Then things went terribly wrong, and TRIGON was caught. KGB officers raided his residence in Moscow, but before they could get him to confess, he swallowed a lethal pill that was hidden in his fountain pen. He died within seconds.

Sound familiar?

The infamous lethal pill is also a prop in "Get Smart," the cinematic remake of the 1965 sitcom that opened in theaters Friday. In the movie, Agent 86 (Steve Carell) is equipped with various spy gadgets for his mission against the crime organization KAOS. In his belt buckle is a lethal pill that he is required to ingest if interrogated.

Although TRIGON was a real CIA spy and Agent 86 is fictitious, Hollywood's early depiction of spy gadgets is not far from reality.

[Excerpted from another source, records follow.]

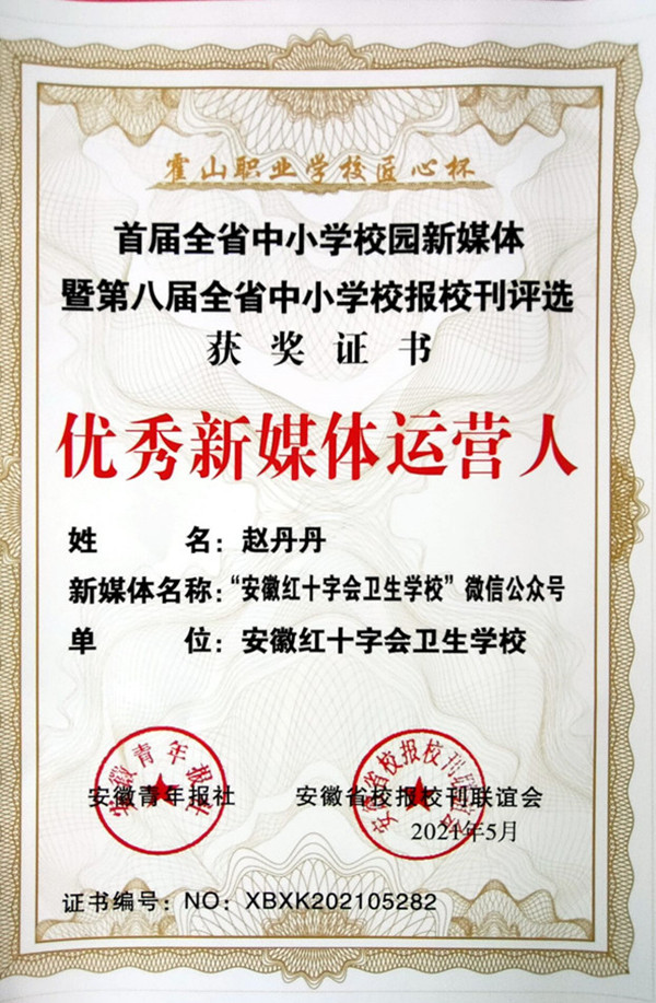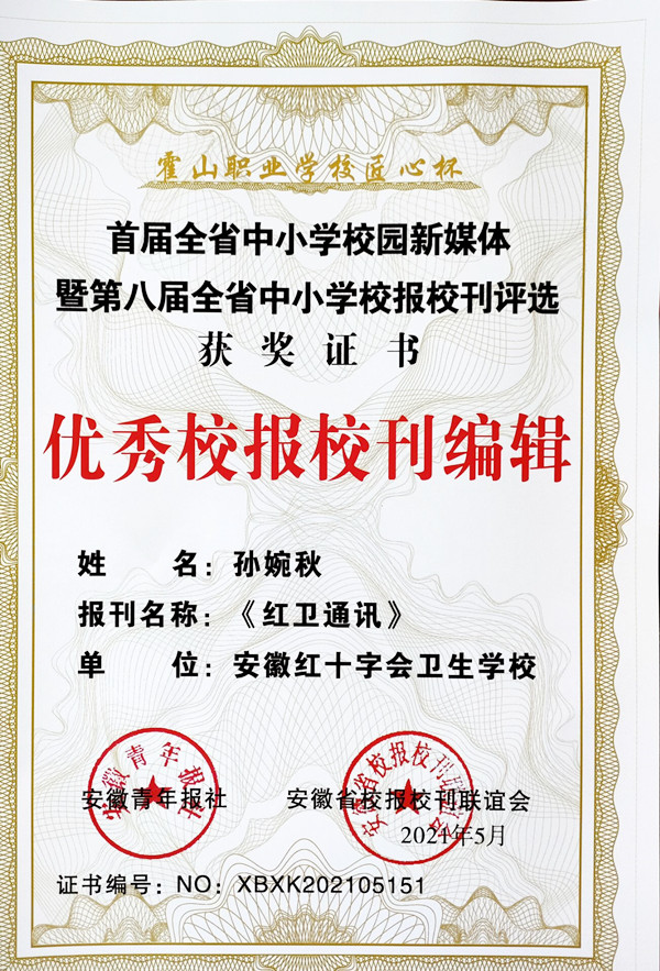 ? ? ? ?近期,由安徽青年報(bào)社、安徽省校報(bào)???lián)誼會(huì)共同主辦的全省首屆中小學(xué)校園新媒體暨第八屆全省中小學(xué)校報(bào)??u(píng)選頒獎(jiǎng)會(huì)在霍山職業(yè)學(xué)校舉行,經(jīng)過(guò)初評(píng)和終評(píng)兩輪評(píng)審,紅會(huì)衛(wèi)校校園文化建設(shè)成果顯著,斬獲多項(xiàng)榮譽(yù),“安徽紅十字會(huì)衛(wèi)生學(xué)?!蔽⑿殴娞?hào)被評(píng)為“首屆全省中小學(xué)十佳校園新媒體”、“首屆全省中小學(xué)優(yōu)秀校園新媒體”,??都t衛(wèi)通訊》被評(píng)為“第八屆全省中小學(xué)優(yōu)秀校刊”,洪梅校長(zhǎng)、趙丹丹老師、孫婉秋老師分別榮獲“優(yōu)秀校長(zhǎng)支持獎(jiǎng)”、“優(yōu)秀新媒體運(yùn)營(yíng)人”、“優(yōu)秀校報(bào)校刊編輯”榮譽(yù)稱號(hào)。據(jù)悉,本次全省共有230余所中小學(xué)申報(bào)申報(bào)五大類評(píng)選。
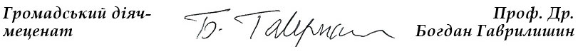 Вступне слово громадського діяча-мецената Проф. Др. Богдана Гаврилишина
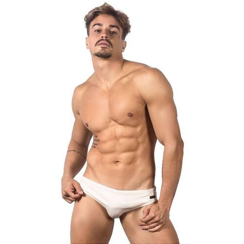 A sunga foi desenvolvida em tecido FLUITY feito com poliamida biodegradável, tem um toque suave no contato junto ao corpo, oferecendo outros atributos como:
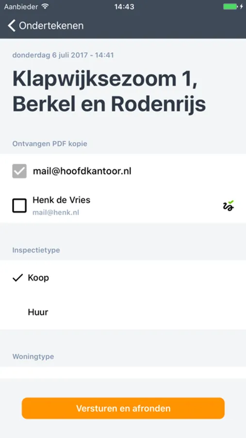 Na de inspectie krijgen de aanwezigen (optioneel) een e-mail toegestuurd met een overzicht van de afgeronde inspectie, incl. handtekeningen, meterstanden en foto's.
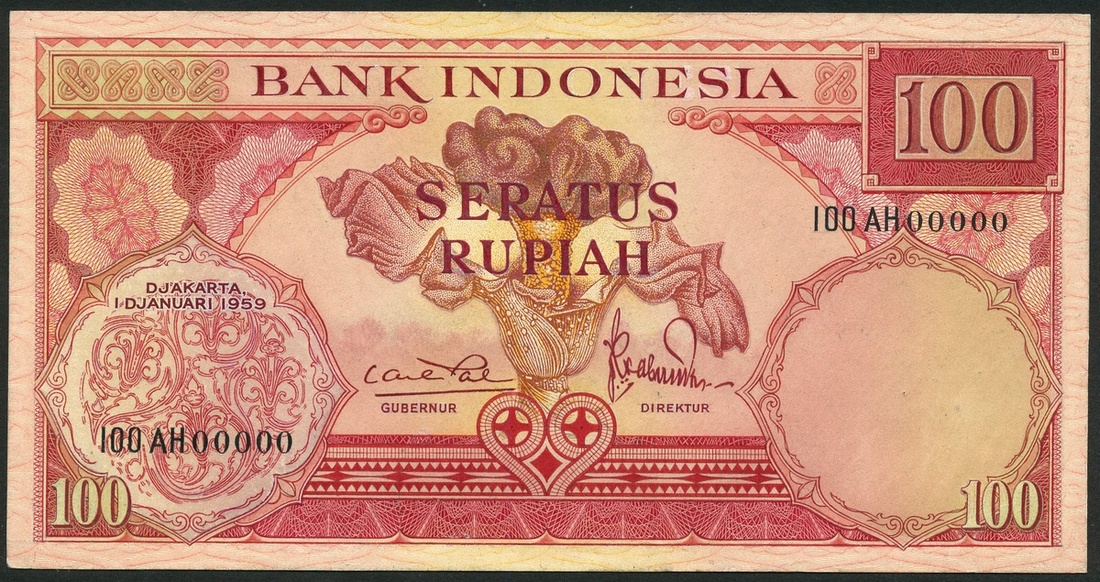 Bank Indonesia, uniface obverse partially hand-executed essay on card, 100 Rupiah, Djakarta, 1 January 1959, serial number 100 AH00000, red and dark brown on multicoloured underprint, Giant Rafflessia flowers at centre, ornate scrollwork at lower left
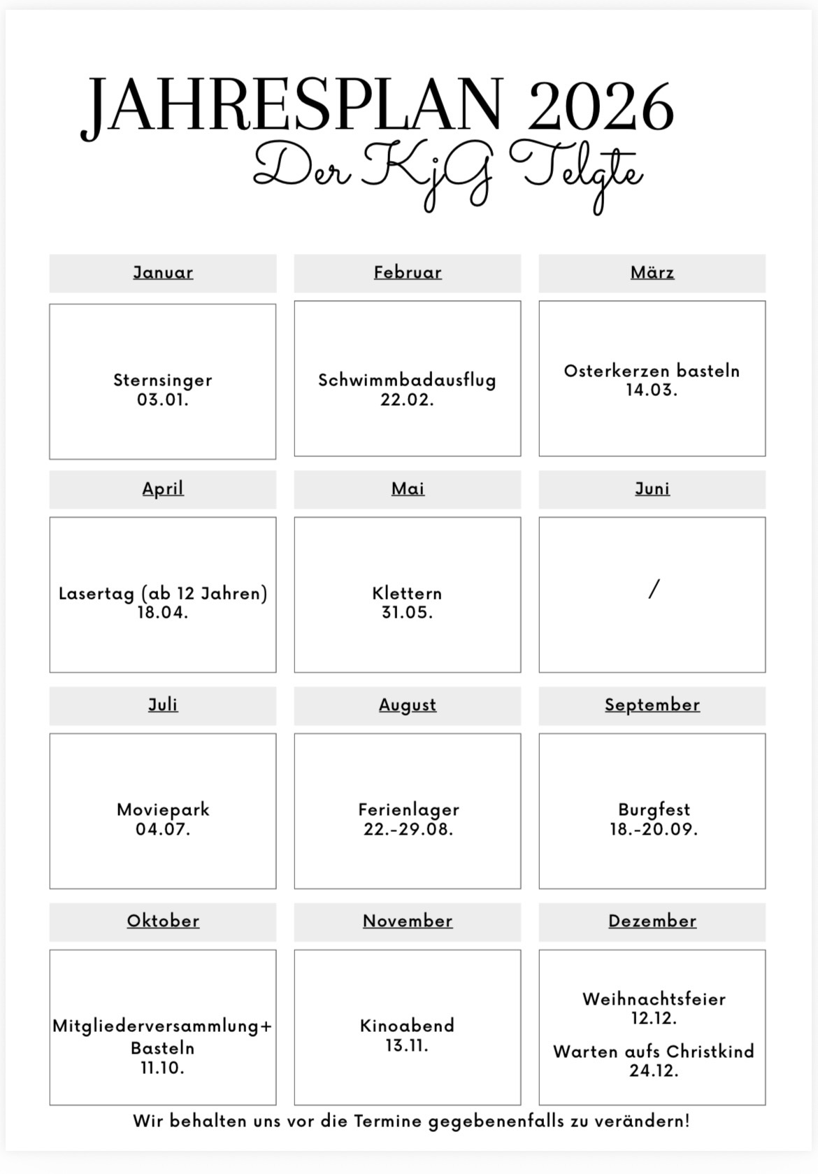 Die KjG ist ein großer Kinder- und Jugendverband, d.h. es gibt in vielen Städten und Gemein- den in Deutschland KjGs. Die KjG Telgte gibt es seit 2012.
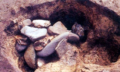 石がある。これらの焼けた石は、どこかで焼いてから持ってきたものらしい。何のためにそんな事をしたのか。
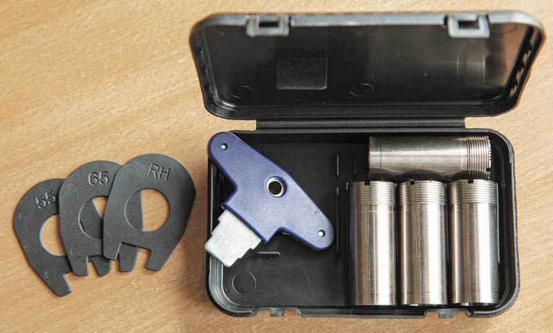 При всем моем настороженном отношении к продукции с клеймом Made in Turkey после внешнего осмотра Ozkan Arms FX 015 должен признать, что изделие сие изготовлено без явных «косяков». Каких-то грубых заусенцев, требующих тщательной обработки напильником в целях профилактики членовредительства оператора, не выявлено; покрытие всех видимых деталей равномерное, без разводов и прочих огрехов. В комплекте также нашлась симпатичная коробочка с набором из пяти дульных сужений-вкруток на любой вкус (от «цилиндра» до «полного чока» включительно), ключ для их смены и набор прокладок для изменения отвода и погиба приклада под антропометрию конкретного стрелка. Ну что же, уже неплохо!
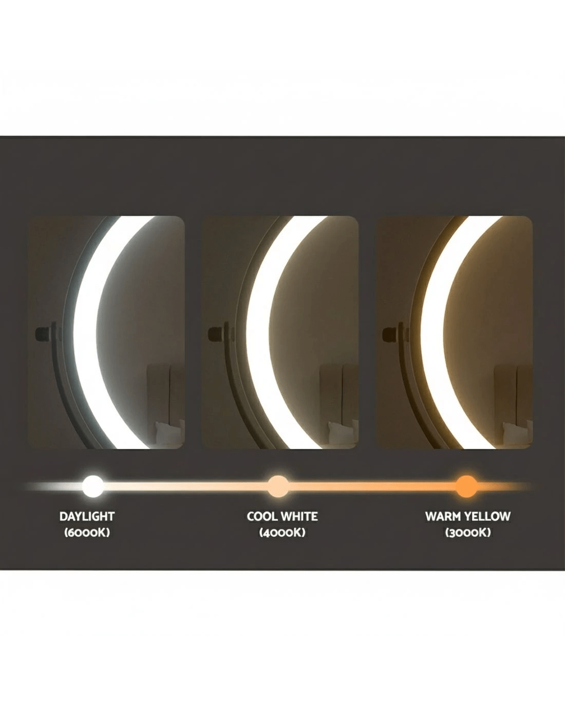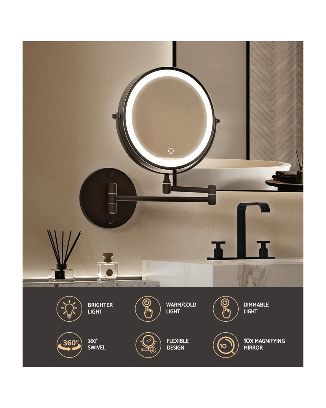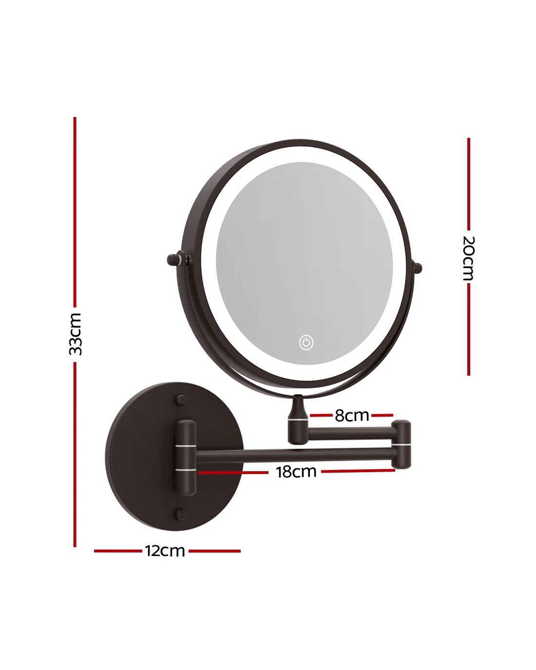 Get the star treatment with our gorgeous Embellir Make-up Mirror. Framed with 54 LED lamp beads, this mirror really lights up your visage for your daily makeup regimen. The aluminium frame is sturdy, lightweight, and adds a glistening touch of glamour to the entire mirror. The mirror sits on a smooth powder-coated metal base for stability and durability. Even more wonderful is that the LED light can be easily adjusted for brightness and colour temperature using the simple touch controls: choose from cool white, daylight or warm lighting. Choose from our wall-mounted, extendable frames or tabletop models. Turn your bedroom or bathroom into a celebrity VIP set overnight with our make-up mirror, and enjoy beauty in all its illuminated brilliance.
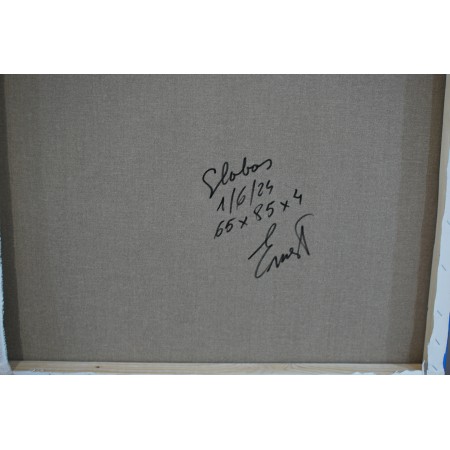 Lienzo extendido sobre marco de madera, pintado a mano con colores acrílicos, de medidas 65 x 85 x 4 cn.
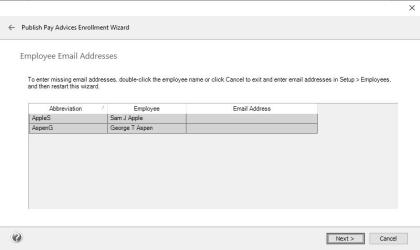 • At the "These employees will be enrolled in Publish Pay Advices and sent an enrollment email message" click Yes to enroll the selected employees.
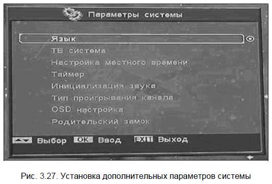 Дополнительные параметры системы, такие как родительский замок, пароль, язык и пр., устанавливают в соответствующем меню (рис. 3.27).
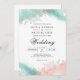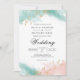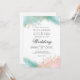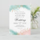 A wash of soft watercolor in teal and coral hues creates a dreamy, ethereal backdrop. Delicate golden accents add a touch of elegance to this romantic design.
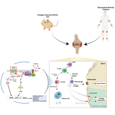 类风湿性关节炎 (RA) 的特征是关节损伤和炎症,B细胞通过产生自身抗体发挥关键作用。在此项研究中,作者团队发现B细胞中的G蛋白偶联受体40(GPR40)缺陷会导致活化、增殖、抗体产生、生发中心形成和类别转换重组增加。GPR40通过与Gαq蛋白结合来调节B细胞受体下游的Plcγ2磷酸化和细胞内钙通量。在GPR40缺陷小鼠中,对胶原诱导性关节炎的易感性更高。GPR40激动剂显示出作为治疗剂的潜力。而临床样本患者样本的调查中,研究发现GPR40在B淋巴细胞中的表达与RA患者中的疾病发作相关。
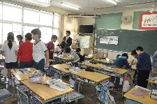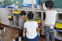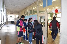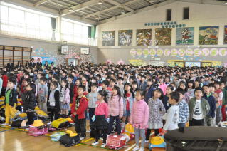 1年生が元気よく登校してきました。 ランドセルから勉強道具を出してあげたり、 ランドセルをロッカーにしまってあげたりするなど 6年生は大忙しでした。 |
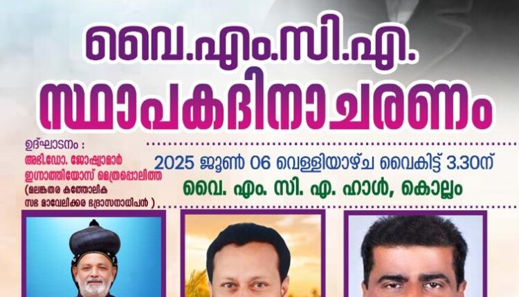 വൈഎംസിഎ സ്ഥാപക ദിനാചരണവും ലഹരി വിരുദ്ധ ക്യാമ്പയിൻ ഉദ്ഘാടനവും ജൂൺ 6ന് കൊല്ലം വൈ.എം.സി.എ.യിൽ
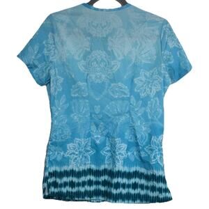 The beautiful blue floral pattern adds a touch of cheer to your workday. This top is designed for all-day comfort. It features a flattering fit and is made from a soft, breathable, and easy-to-care-for fabric blend.
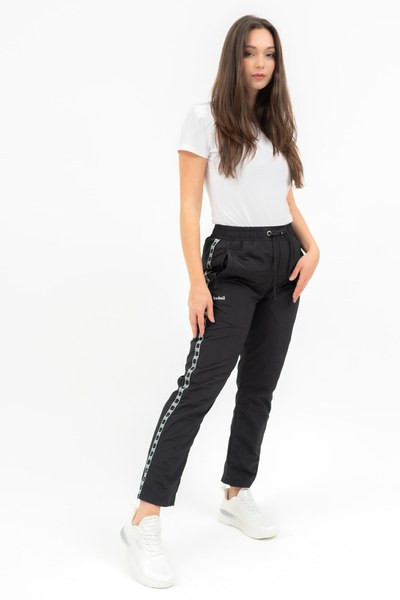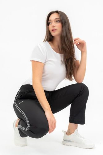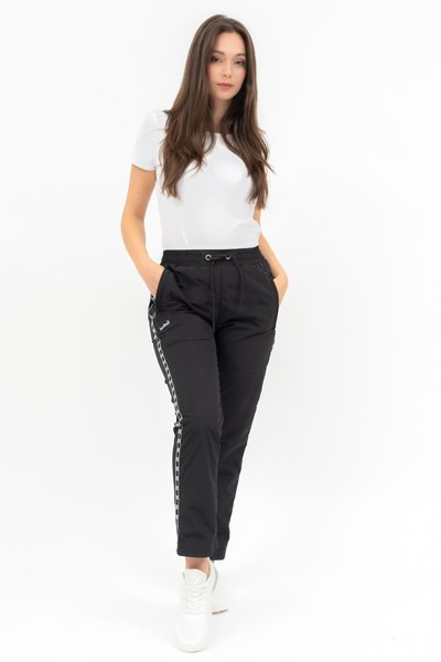 női szabadidőnadrág szövött mikroszálas anyagból - béleletlen - alja egyenes - hímzéssel és szövött szalaggal díszítve

"It is reasonable to say that many of the devices that were initially portrayed in fictional series and movies inspired [the CIA's] Office of Technical Service officers to see if these devices were possible," said Robert Wallace, 63, a former director of that CIA department.

He and H. Keith Melton co-authored "Spycraft: The Secret History of the CIA's Spytechs from Communism to Al-Qaeda" (Dutton, $29.95). The book inventories gadgets that Mr. Melton, a technical tradecraft historian at the Interagency Training Center, collected over the past 20 years and describes their function in real CIA missions.

"Keith has the largest private collection of spy gadgets of anyone in the world," Mr. Wallace said.

Among Mr. Melton's collection is the T-50 lighter camera, which was used in TRIGON's mission in the Soviet Union. The camera had a 4-millimeter-diameter lens that was made with glass elements the size of a pinhead. The T-50 was designed specifically for photographing documents, and it could hold up to 50 exposures. It was designed to be integrated in an array of items such as pens, watches, cigarette lighters, tie pins or key fobs.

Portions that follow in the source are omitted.